*Aim of the task*. Starting at the top line, print the entries below exactly as they are and skip every picture.
/---
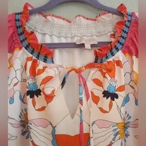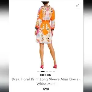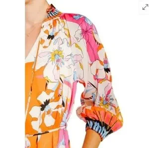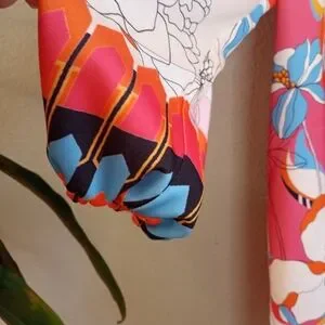 Ciebon Floral Colorful Long Sleeve Feminine Pucci Inspired Loose Fitting Fully Lined Ballon Sleeve Mini Dress, Coastal, Keyhole Neckline, Boho, Artsy, Indie, Palm Springs, Old Money, Preppy, Missing Belt, NWT, Casual, Flowy, Kitchy, Bohemian, Pop Art,
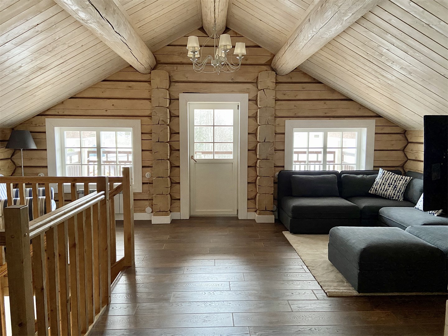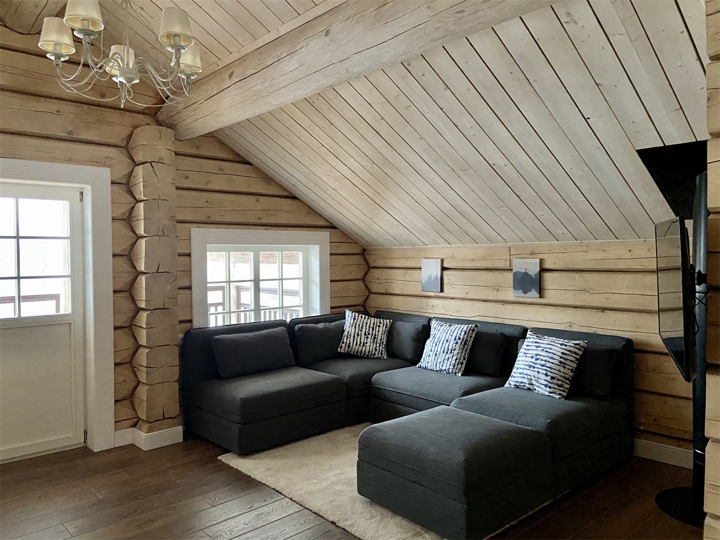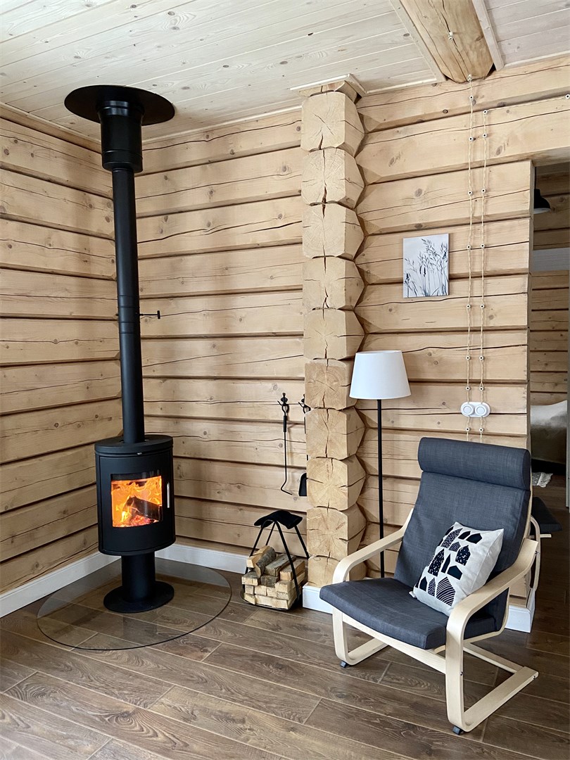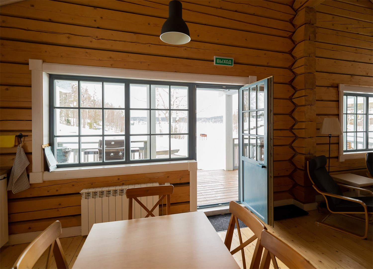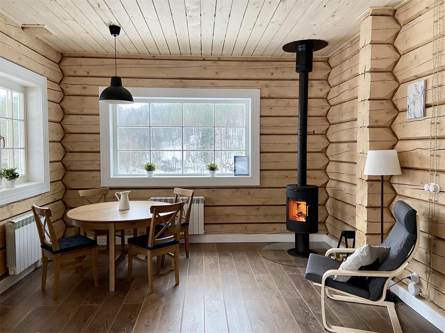 2 этажа с высокими потолками из экологически чистого цельного бревна, с использованием технологии норвежский лафет. Дом включает в себя полностью оборудованную кухню с электрической плитой на 4 конфорки, духовкой, посудомоечной машиной, микроволновой печью, холодильником. В наличии есть вся необходимая посуда - тарелки, стаканы, бокалы, фужеры, сковородки, кастрюли, столовые приборы. Так же имеется миксер, электрический чайник, мультиварка. Обеденный стол на 6-9 человек напротив камина на дровах. В гостиной комфортный диван и мягкое кресло, с 1 дополнительным полноценным спальным местом, телевизор с плоским экраном и подключенным Онлайн ТВ, высокоскоростной интернет Wi-Fi по выделенной оптоволоконной линии.
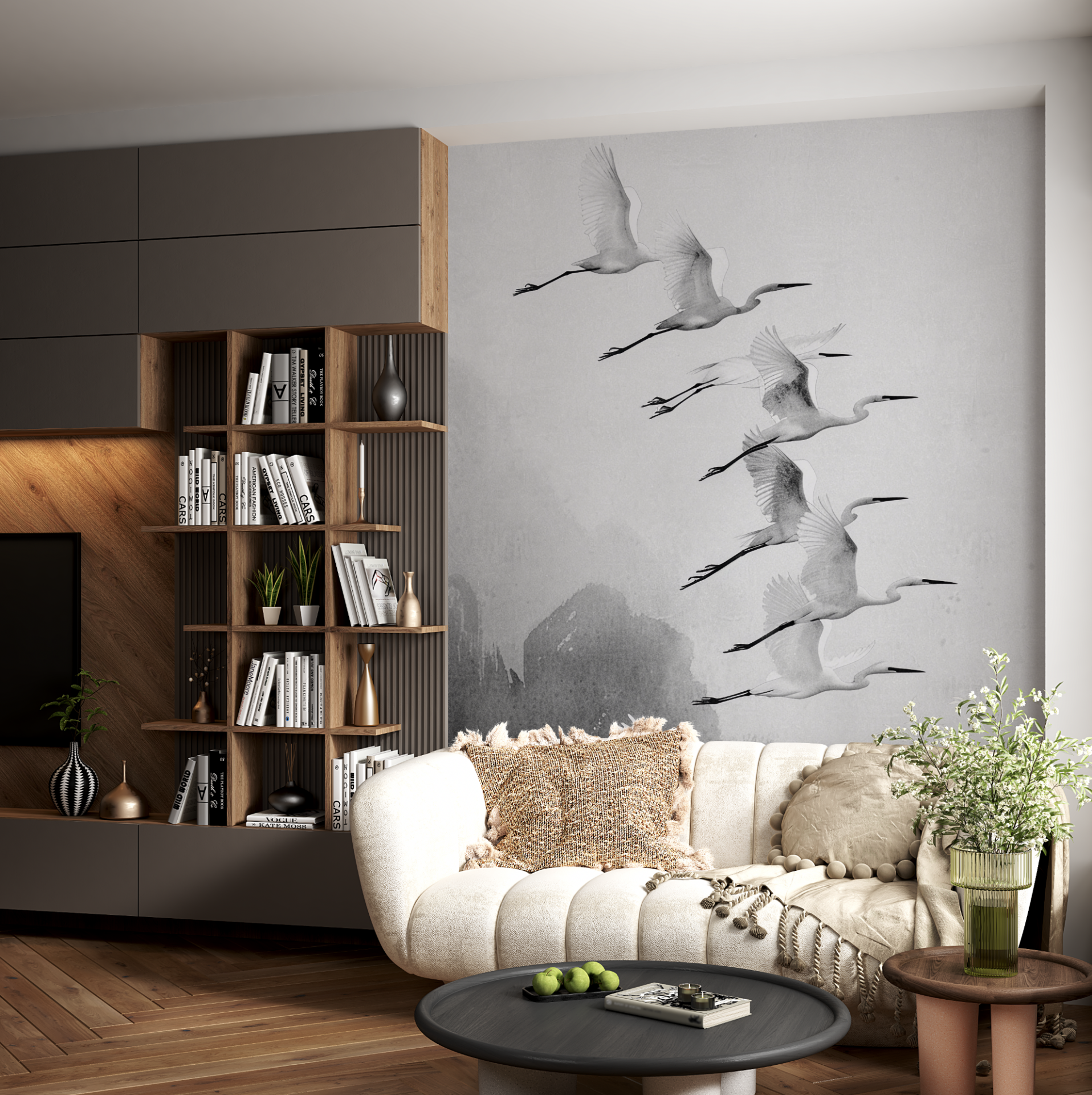 Fein gezeichnete Linien, dezente Texturen und ein Spiel aus Licht und Schatten lassen diese Tapete wie eine stille Unterwasserkomposition wirken. Die anmutigen Umrisse von Skalaren scheinen sich sanft durch das Hintergrundrauschen aus Patina und Tiefe zu bewegen – fast wie ein verborgenes Wandgemälde, das erst beim zweiten Blick seine ganze Schönheit entfaltet.
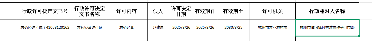 林州市农业农村局行政许可公示
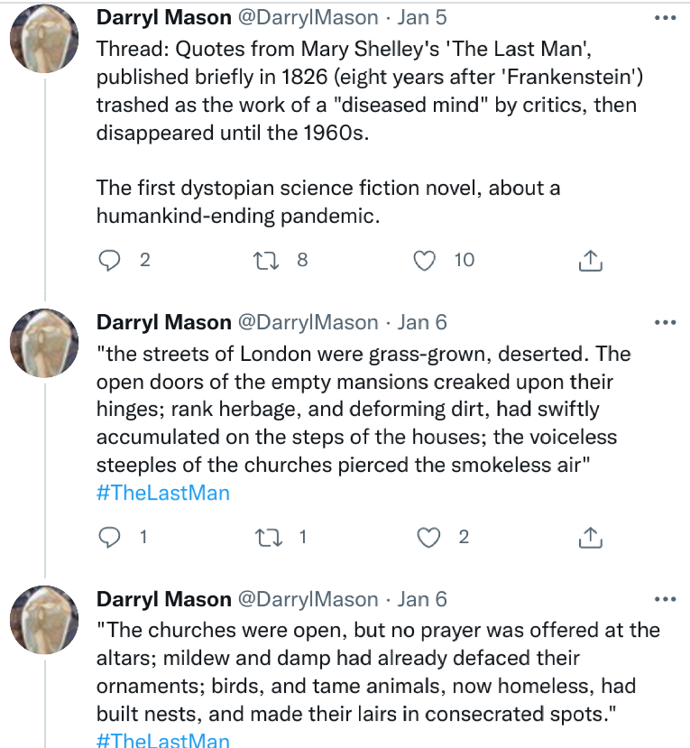 A little background and some quotes from Mary Shelley's 1826 dystopian novel 'The Last Man.' She wrote this novel in an incomprehensible grief, after the death of two of her children and her husband
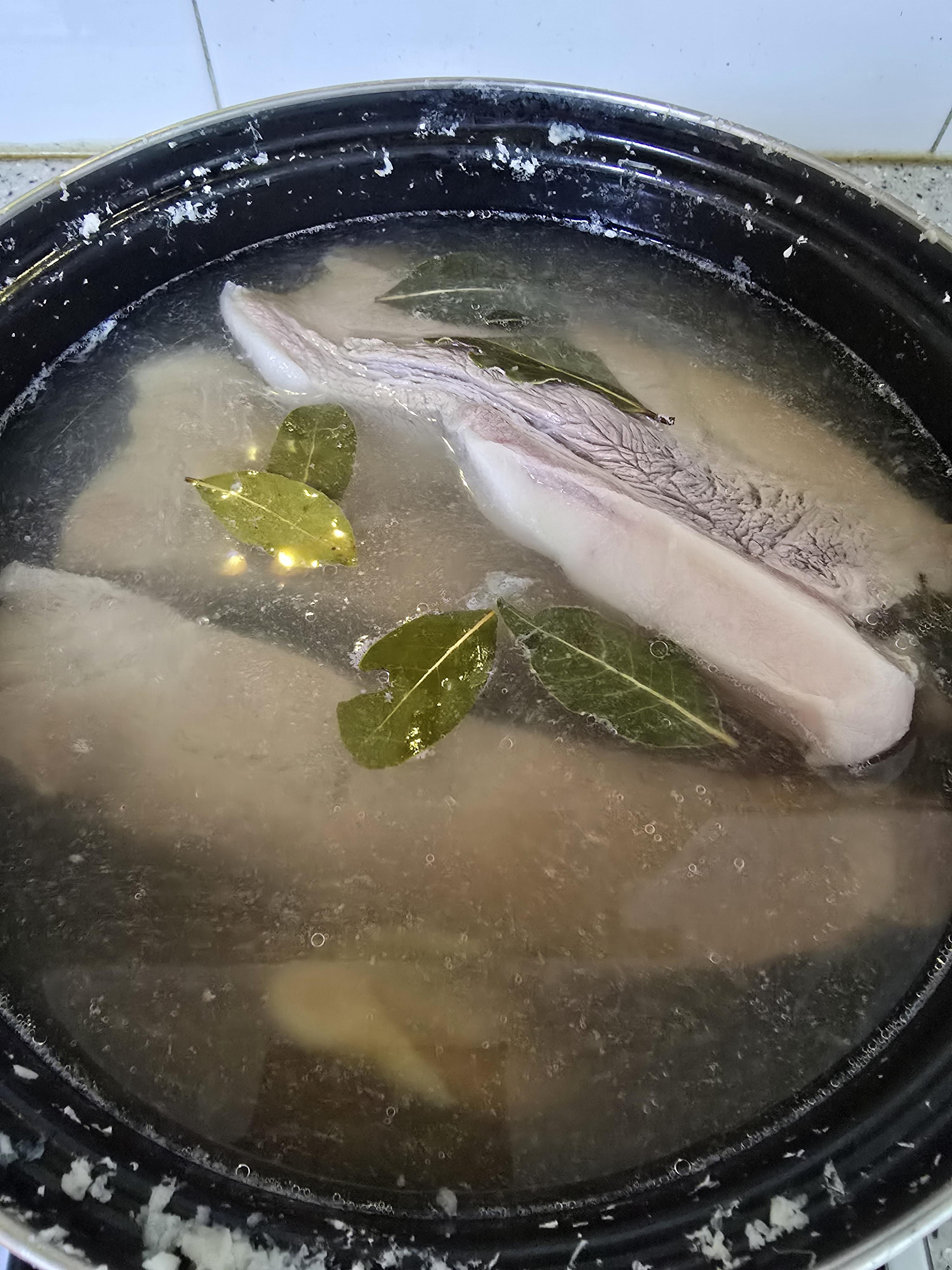 이번에도 좋은 고기를 많이 사두셨기에 큰 솥에 삶기 시작했답니다.
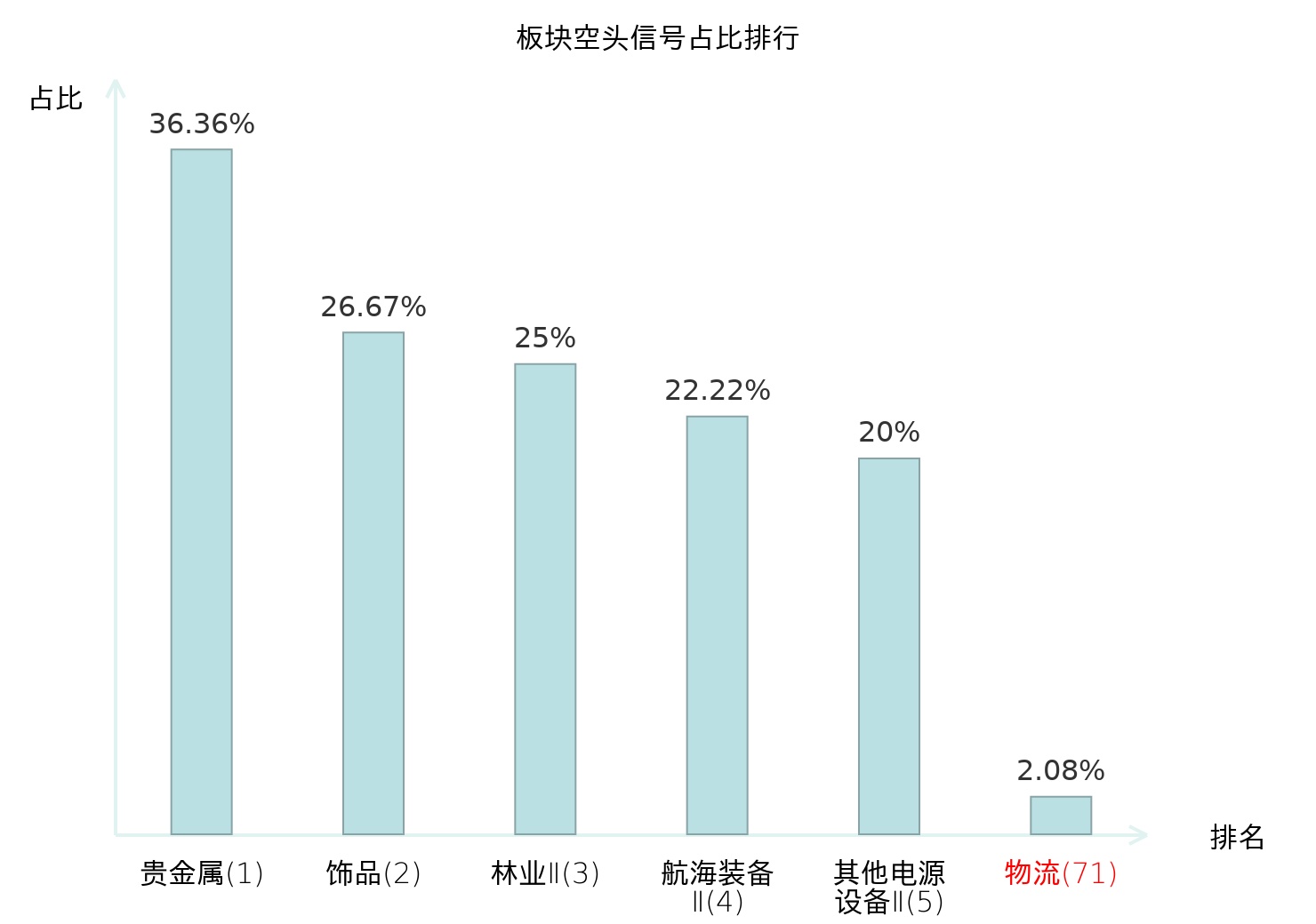 全市场所有行业板块中主力空头信号占比排名中,贵金属板块位居第一。工业金属板块名次提升最快,较昨日上升125位。
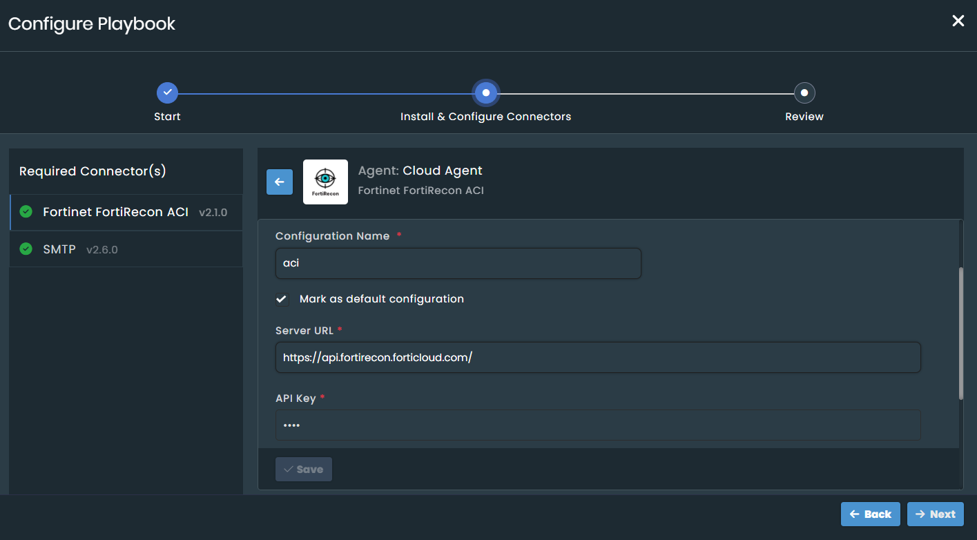 Configure the required connectors. For example, the Ransomware Group Profile playbook requires Fortinet FortiRecon ACI and SMTP connectors.
\---
*Result*.
 Ciebon Floral Colorful Long Sleeve Feminine Pucci Inspired Loose Fitting Fully Lined Ballon Sleeve Mini Dress, Coastal, Keyhole Neckline, Boho, Artsy, Indie, Palm Springs, Old Money, Preppy, Missing Belt, NWT, Casual, Flowy, Kitchy, Bohemian, Pop Art,
 2 этажа с высокими потолками из экологически чистого цельного бревна, с использованием технологии норвежский лафет. Дом включает в себя полностью оборудованную кухню с электрической плитой на 4 конфорки, духовкой, посудомоечной машиной, микроволновой печью, холодильником. В наличии есть вся необходимая посуда - тарелки, стаканы, бокалы, фужеры, сковородки, кастрюли, столовые приборы. Так же имеется миксер, электрический чайник, мультиварка. Обеденный стол на 6-9 человек напротив камина на дровах. В гостиной комфортный диван и мягкое кресло, с 1 дополнительным полноценным спальным местом, телевизор с плоским экраном и подключенным Онлайн ТВ, высокоскоростной интернет Wi-Fi по выделенной оптоволоконной линии.
 Fein gezeichnete Linien, dezente Texturen und ein Spiel aus Licht und Schatten lassen diese Tapete wie eine stille Unterwasserkomposition wirken. Die anmutigen Umrisse von Skalaren scheinen sich sanft durch das Hintergrundrauschen aus Patina und Tiefe zu bewegen – fast wie ein verborgenes Wandgemälde, das erst beim zweiten Blick seine ganze Schönheit entfaltet.
 林州市农业农村局行政许可公示
 A little background and some quotes from Mary Shelley's 1826 dystopian novel 'The Last Man.' She wrote this novel in an incomprehensible grief, after the death of two of her children and her husband
 이번에도 좋은 고기를 많이 사두셨기에 큰 솥에 삶기 시작했답니다.
 全市场所有行业板块中主力空头信号占比排名中,贵金属板块位居第一。工业金属板块名次提升最快,较昨日上升125位。
 Configure the required connectors. For example, the Ransomware Group Profile playbook requires Fortinet FortiRecon ACI and SMTP connectors.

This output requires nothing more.